It’s not easy being green (or an economist for that matter)
Old habits are hard to beat. When economists see a market failure, the reaction is a wish to correct them. For instance, when we think we spot a case of tragedy of the commons (resulting in overfishing, overgrazing, (over)polluting) we want to introduce property rights, regulation or incentives. Over the years, however, research in the field of behavioural economics have shown us that we may want to slow down and think differently. It turns out that users of commons (such as grazing lands) often invent complex social schemes that work and that don’t require outside interference from incentives or regulation. Indeed, sometimes incentives can have negative consequences, because they displace (crowd out) other motivations and disturb a fragile social and economic balance. Examples of this being the case come from a as diverse fields as the use of penalties for parents arriving late to collect their children from kindergarten, paying parents in poor countries to send their children to school, and the management of communal cattle grazing lands (good sources for further information on these cases include Sam Bowles (The Moral Economy), Daniel Kahnemann (Thinking Fast and Slow) and Kate Raworth (Doughnut Economics))

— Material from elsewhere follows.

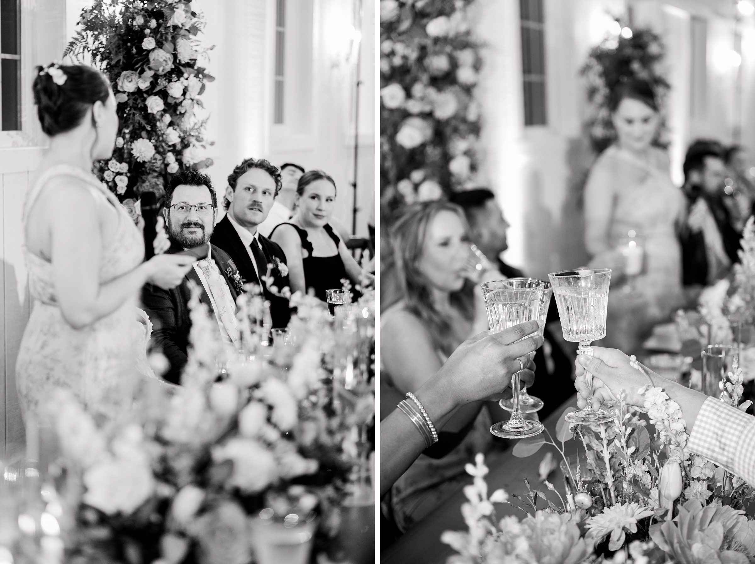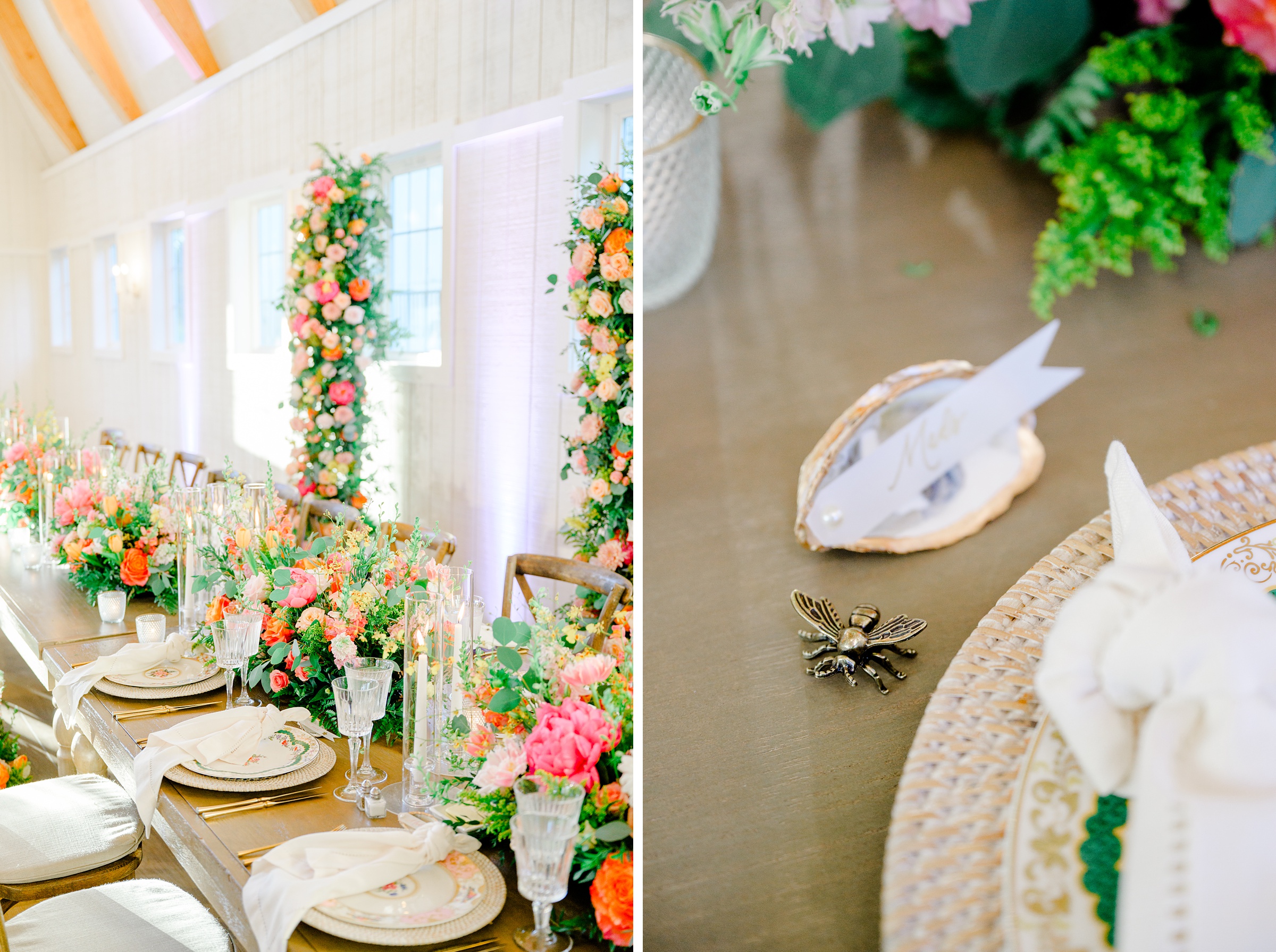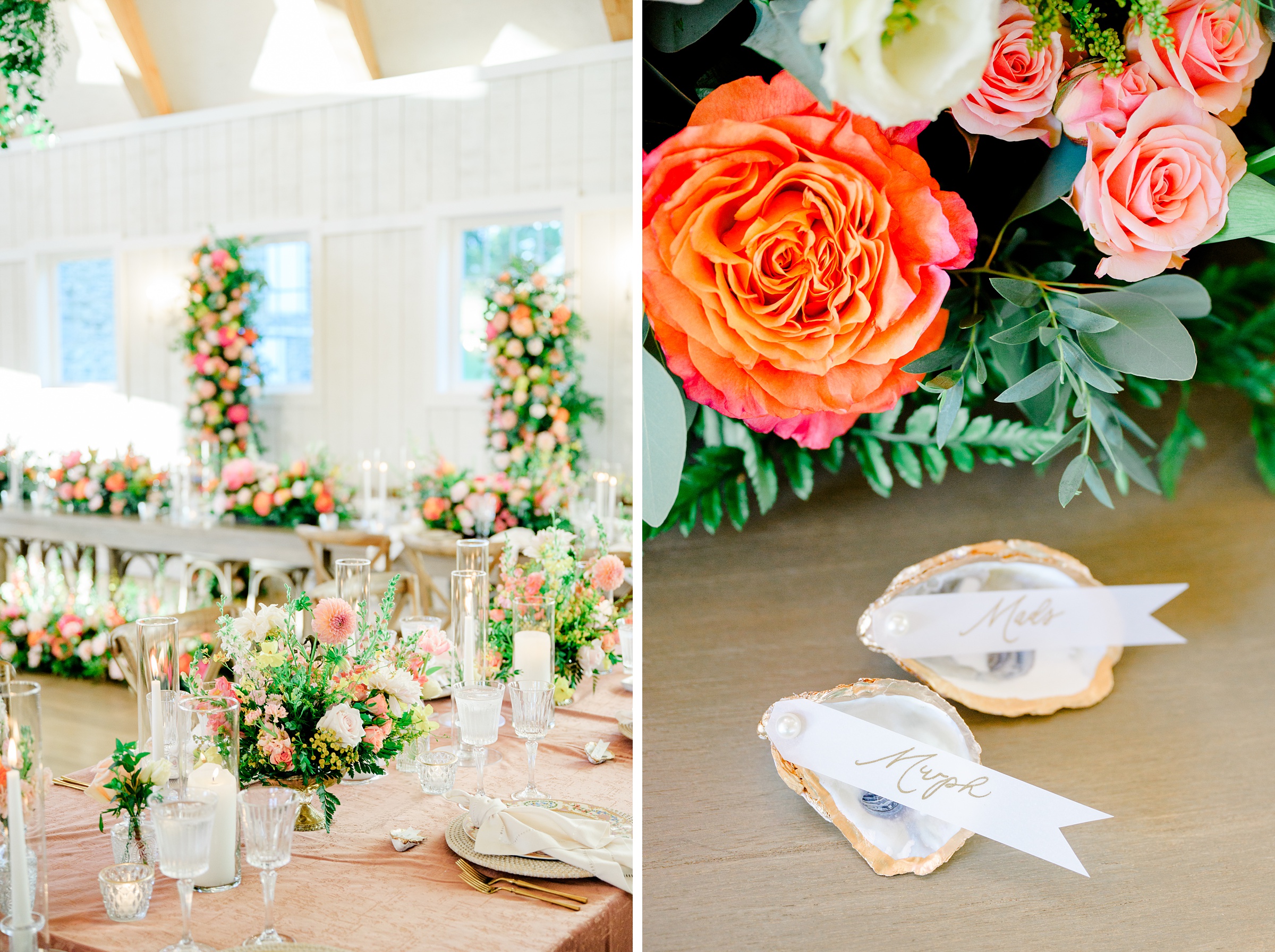While Sam captured the fun of cocktail hour— passed apps, fresh hand-shucked oysters, and signature drinks just to name a few of the highlights, I photographed the reception space, which was breathtaking.

So, research in the field of behavioural economics has shown us that human beings don’t necessarily respond as predicted to incentives and are motivated by a lot more than just money (such as reciprocity, social standing, altruism). Economists (and everyone else!) have sort of known this for a long time but we haven’t changed our policy prescriptions accordingly. The stickiness in our response to the new research can be explained by a variety of reasons: it’s always painful to rejig explanations and recommendations, it takes time and patience to convince the audience (policy makers, the public) and the new paradigm is typically more complicated and situation-dependent than the old standardised response we built around homo economicus.